That is up for discussion. The only way I see the engineering working out for traction etc is with a lot less weight than a model S.
Cell energy density is increasing which means increases in battery capacity without increases in weight or volume.
The majority of the difference in capacity between the battery specs of the roadster from 2008 and the roadster 2020 are accounted for by these changes.
In addition the roadster 2020 is carbon fiber bodied vs the steel/aluminum roadster 2008.
There are a number of other inherent advantages EVs have over combustion that come into play with handling.
This is an i3 next to an ActiveE (electric 1-series):
Tall car right? how do you think it handles?
What if I told you the center of gravity of the i3 is lower than the 3-series (and pretty much at the same height as the GT86's) and it has weight distribution 48.5:51.5?
Batteries in a purpose built EV are mounted low in the chassis, comprise a lot of the weight of the vehicle and can be split and distributed to optimise weight distribution. And the low low CofG means they stick to the road like they're on rails.
The next big thing is Torque vectoring. Motors weigh and cost next to nothing in comparison to the battery or combustion engines.
You can have pretty much as many motors as you like, all coming with the advantages of precision control, torque from 0RPM, the ability to run freely without clutching and the ability to apply negative torque. All to individual wheels/axles.

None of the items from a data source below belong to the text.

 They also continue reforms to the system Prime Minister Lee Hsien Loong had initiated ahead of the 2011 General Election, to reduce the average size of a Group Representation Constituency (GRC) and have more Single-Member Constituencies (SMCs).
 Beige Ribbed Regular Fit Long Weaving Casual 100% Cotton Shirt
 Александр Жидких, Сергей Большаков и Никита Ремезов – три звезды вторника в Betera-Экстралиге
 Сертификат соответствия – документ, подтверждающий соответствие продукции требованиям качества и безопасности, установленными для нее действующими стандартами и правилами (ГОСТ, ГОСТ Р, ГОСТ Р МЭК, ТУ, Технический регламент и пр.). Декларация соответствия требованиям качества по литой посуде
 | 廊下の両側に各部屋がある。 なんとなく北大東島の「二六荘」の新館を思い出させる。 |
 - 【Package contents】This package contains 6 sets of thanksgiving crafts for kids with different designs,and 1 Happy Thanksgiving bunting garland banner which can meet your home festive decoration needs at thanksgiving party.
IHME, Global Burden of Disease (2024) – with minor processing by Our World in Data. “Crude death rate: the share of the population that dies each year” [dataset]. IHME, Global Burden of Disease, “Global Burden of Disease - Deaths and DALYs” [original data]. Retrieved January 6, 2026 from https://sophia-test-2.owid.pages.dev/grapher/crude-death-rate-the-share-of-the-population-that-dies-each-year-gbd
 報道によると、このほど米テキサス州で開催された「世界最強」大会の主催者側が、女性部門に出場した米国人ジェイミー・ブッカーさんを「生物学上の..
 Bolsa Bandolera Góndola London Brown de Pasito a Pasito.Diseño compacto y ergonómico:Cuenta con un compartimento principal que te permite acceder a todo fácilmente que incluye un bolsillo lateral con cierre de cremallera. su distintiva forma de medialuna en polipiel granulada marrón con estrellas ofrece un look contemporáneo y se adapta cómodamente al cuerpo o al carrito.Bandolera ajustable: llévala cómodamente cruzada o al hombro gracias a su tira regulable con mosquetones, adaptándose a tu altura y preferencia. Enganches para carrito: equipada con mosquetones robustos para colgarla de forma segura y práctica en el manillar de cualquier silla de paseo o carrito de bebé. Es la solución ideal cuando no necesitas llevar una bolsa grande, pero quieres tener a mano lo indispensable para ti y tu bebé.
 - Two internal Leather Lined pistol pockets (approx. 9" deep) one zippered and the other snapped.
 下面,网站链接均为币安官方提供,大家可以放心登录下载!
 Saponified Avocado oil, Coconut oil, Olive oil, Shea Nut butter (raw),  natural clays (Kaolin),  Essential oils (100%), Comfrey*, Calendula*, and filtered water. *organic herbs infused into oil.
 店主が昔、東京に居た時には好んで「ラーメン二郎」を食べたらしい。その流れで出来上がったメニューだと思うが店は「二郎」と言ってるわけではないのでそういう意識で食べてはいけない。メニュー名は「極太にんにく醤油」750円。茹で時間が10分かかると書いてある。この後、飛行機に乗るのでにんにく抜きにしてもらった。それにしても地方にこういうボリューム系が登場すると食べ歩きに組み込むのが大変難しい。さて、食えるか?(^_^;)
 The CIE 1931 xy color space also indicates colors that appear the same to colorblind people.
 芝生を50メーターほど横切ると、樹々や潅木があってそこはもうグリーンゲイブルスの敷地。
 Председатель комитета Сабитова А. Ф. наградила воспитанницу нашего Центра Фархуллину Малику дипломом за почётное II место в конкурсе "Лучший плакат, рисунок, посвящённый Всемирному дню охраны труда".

I've driven the roadster and model S and both handle well and compare to the german competition. The only thing I dislike is the steering on the model S which is a bit vague.the interior is a joke.
*cough* prototype almost three years from volume production. Let's not judge just yet. For the record I'm not a fan of the prototype's interior either.Do you guys talk about hydrogen cars here or is that in the main forum? Seeing as that's where the major Jap manufacturers plus Hyundai are betting over ev that would be an interesting read
HEVs would technically belong in this forum. However they don't make any sense from an economic or technical standpoint.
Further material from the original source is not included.